Press Release | 16 March 2015

Melting glaciers: Peruvian requests German utility RWE to pay for protective measures

It is the first time in Europe that one of the world’s largest polluters is prompted to pay for the safety of a person at risk of climate change consequences
Pressemitteilung

Berlin/Huaraz (17 March, 2015). A person affected by climate change has made the unprecedented move to launch a claim against a European carbon major, demanding that the company contribute to urgently needed protective measures: Peruvian citizen Saúl Luciano Lliuya, with the help of the renowned environmental lawyer Dr. Roda Verheyen (Hamburg), demands payment for safety works from German utility RWE. Mr Luciano Lliuya’s property as well as large parts of his hometown Huaraz are prone to a so-called glacial lake outburst flood from Lake Palcacocha located upstream from the city. Germanwatch, a German environmental and development organisation, supports Mr Luciano Lliuya’s move against RWE upon his request. If the company’s response to his claim proves unsatisfactory, Mr Luciano Lliuya plans to sue RWE in a German court.

“This move is unparalleled in Europe”, says Christoph Bals, Policy Director of Germanwatch. “The fast-growing risks of glacial melting in this region clearly bear the signature of climate change. Saúl Luciano Lliuya is refusing to be merely a victim and is taking control of his own destiny“. According to a 2013 study, RWE is Europe’s single largest emitter of greenhouse gases. According to a 2014 report, the utility’s contribution to total global emissions since industrialisation is about half a percent. Accordingly, Saúl Luciano Lliuya demands that RWE covers 0.5 percent of the costs associated with the implementation of protective measures for Huaraz.

Glacial lake outburst flood threatens the city of Huaraz / IPCC: glacial melting in the Andes is caused by climate change

The Intergovernmental Panel on Climate Change IPCC finds that glacial retreat and melting of the tropical Andean glaciers is attributed to climate change. Glacial lake outburst floods are a growing threat in Huaraz, a small town of fifty-five thousand people, at the foot of the Peruvian Andes. Over a six-year span, a glacial lake located upstream has grown four-fold due to glacial melting. The increase in global temperatures is also associated with glacial pockets breaking, which may cause the lake to overflow. A resulting flood could quickly assume disastrous proportions and cause devastating damage in populated areas. In 1941, thousands fell victim to a flood when an earthquake caused chunks of ice to collapse into this lake – at that time the lake was much smaller than it is today. Since then the risk has dramatically increased, due to climate change. The latest flood was recorded in 2003. Authorities say that there is an acute risk of flooding; they have repeatedly declared a state of emergency. At present, there is no early warning system running, not even a provisional one, which recently stopped working.

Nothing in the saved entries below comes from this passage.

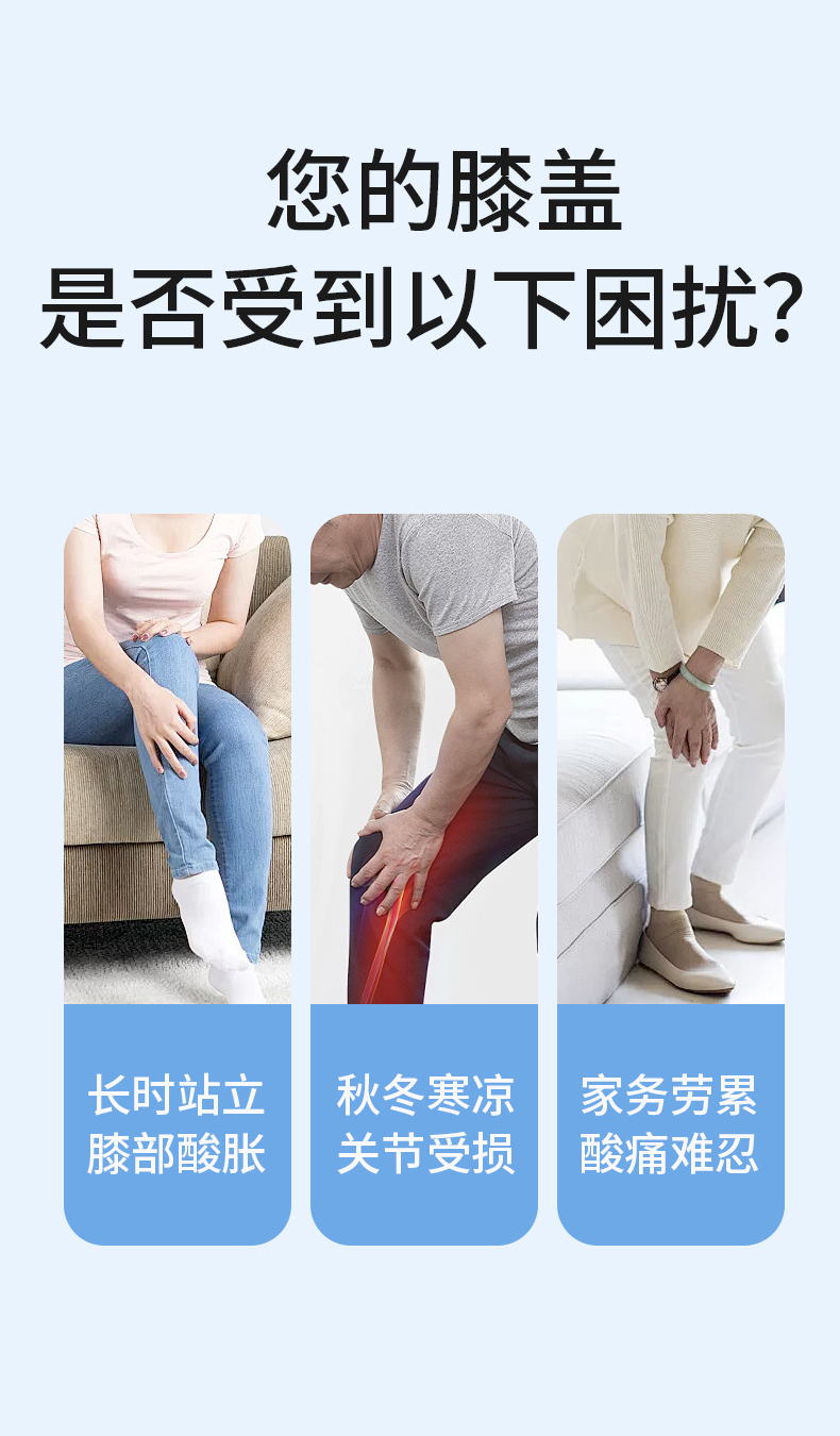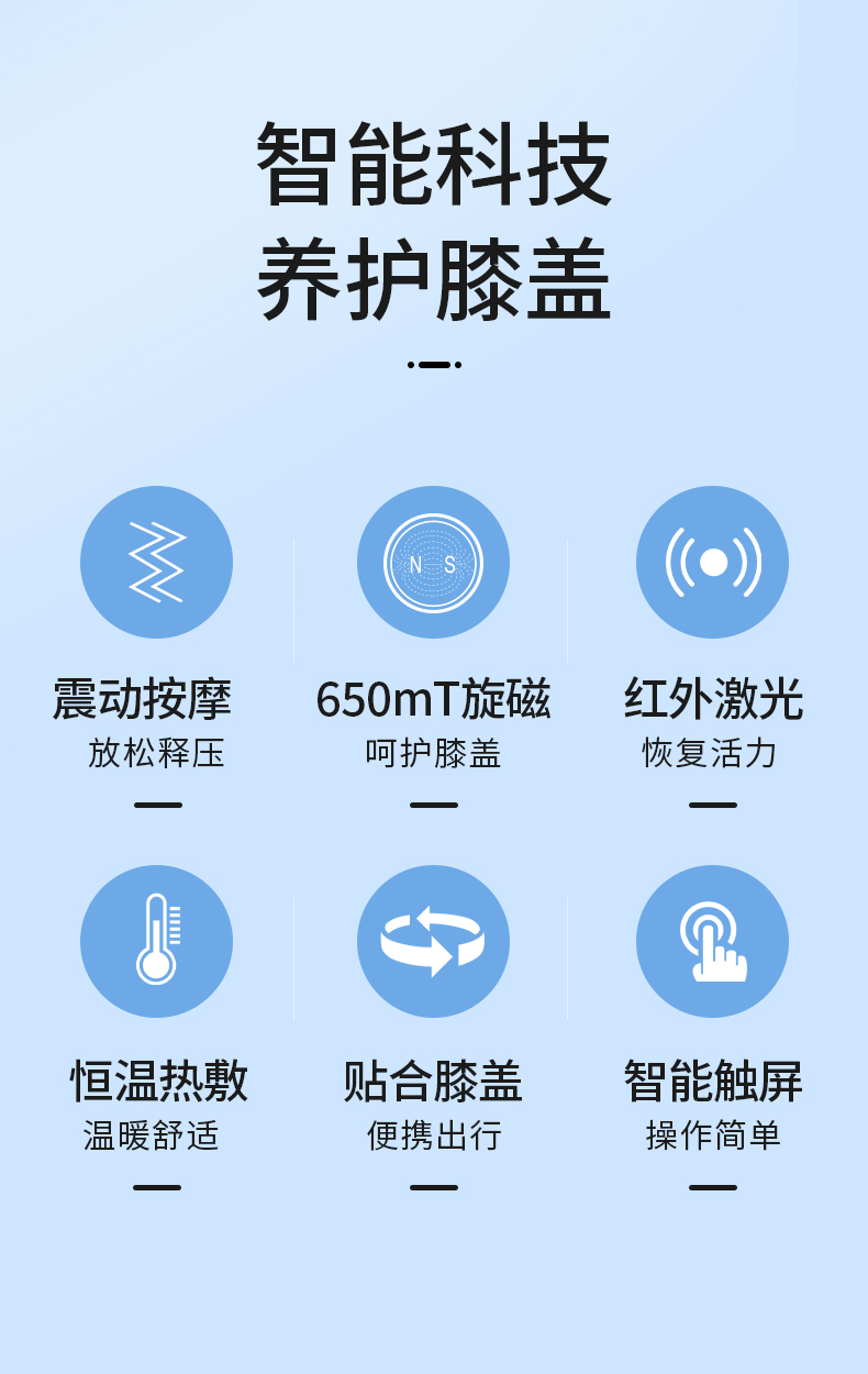 养护膝盖关节,生活更添动力。2D震动按摩,深层放松释压,3档震动按摩模式可选。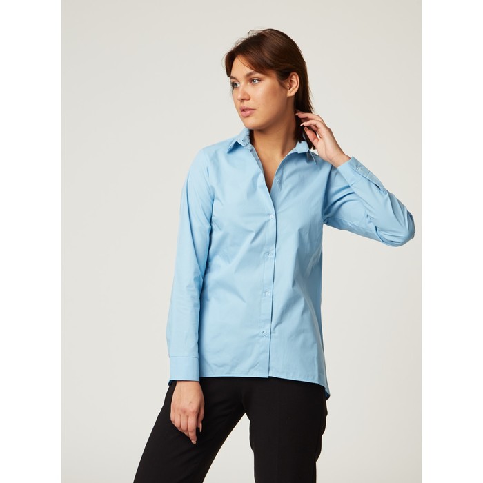 Рубашка женская трапеция, размер 44-46, голубой, хлопок 100%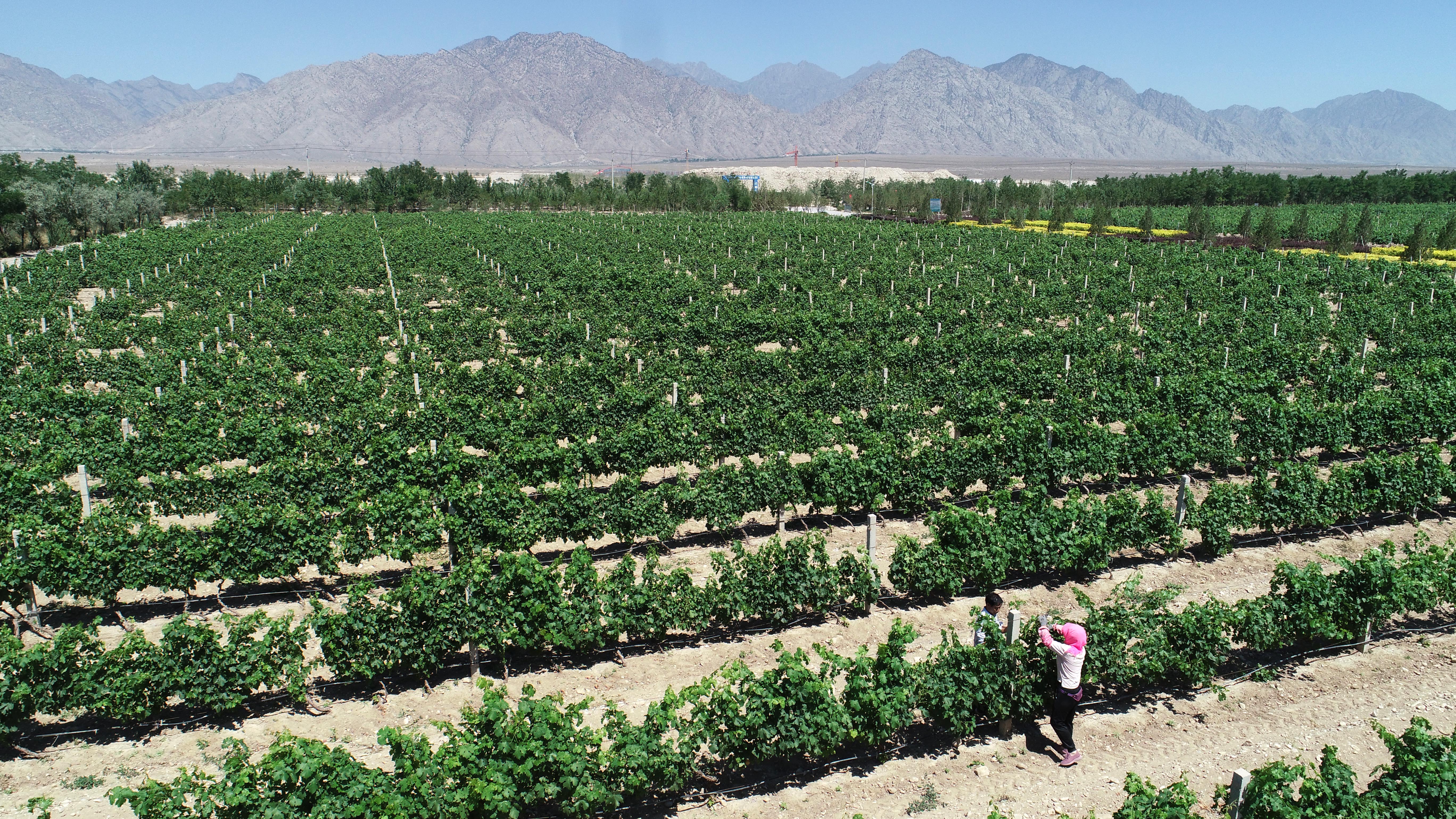 這是位于賀蘭山下的寧夏銀川市沃爾豐酒莊葡萄種植基地(無人機照片,6月14日攝)。新華社記者王鵬攝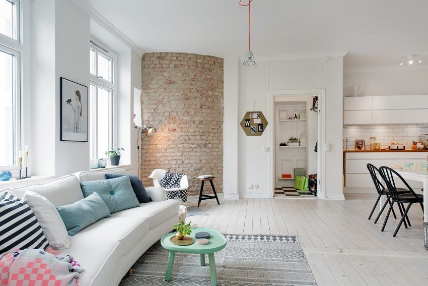 Sinun ei tarvitse purkaa koko seinää. Hän voi myös sopia harmonisesti huoneiston remontoituun sisustukseen. Esimerkiksi vyöhykkeiden välisen seinän kapean osan muodossa. Voit kiinnittää taulutelevision tai kuvan siihen olohuoneen sivulta ja asentaa pesuallas tai kodinkoneet keittiön puolelta. Voit purkaa osan seinästä jättäen pienet sarakkeet.

To effectively avert the risk of flooding, glacial lake Palcacocha would need to be drained until further safety works can be implemented, such as building new dams and modernising the existing ones. For the purpose of undertaking these measures, Saúl Luciano Lliuya asks the utility to contribute around 20.000 Euro – this amount accounts for around 0.5 percent of the projected total costs and is equivalent to RWE’s share in global historic emissions.

Christoph Bals: “We support this claim. Those who harm others have to be held accountable for their actions. Thus, Germanwatch expects RWE to develop and implement a new business model so as to avoid causing further damages. In addition, the company has to pay its fair share of financing measures to protect those at risk. If the ‘polluter pays’ principle is not implemented in a market economy, profits are privatised while risks are socialised. Companies that create risks or cause damage to others through their business activity have to shoulder their responsibility and act accordingly.” It should not be a permanent solution that those affected by climate change, often the poorest and most deprived, have to pursue their individual claims for protection and enforce them against the polluters. “There is an increasing number of people whose very existence is threatened by climate change even though they have not contributed to it. We need a political solution to end this scandal, one that obliges the polluters to take responsibility. In the run-up to the Paris climate summit, a new climate agreement could bring new momentum towards this direction”, says Christoph Bals.


About Germanwatch

Germanwatch, based in Bonn and Berlin (Germany), is an independent non-profit organisation engaged for sustainable global development. Finding ways how the most vulnerable people worldwide will be able to deal with the consequences of climate change  is one major focus of the organisation's work. In 2004 Germanwatch drew attention to the risks of Glacial Lake Outburst Floods for the first time. The publication, based on scientific publications, was internationally noted.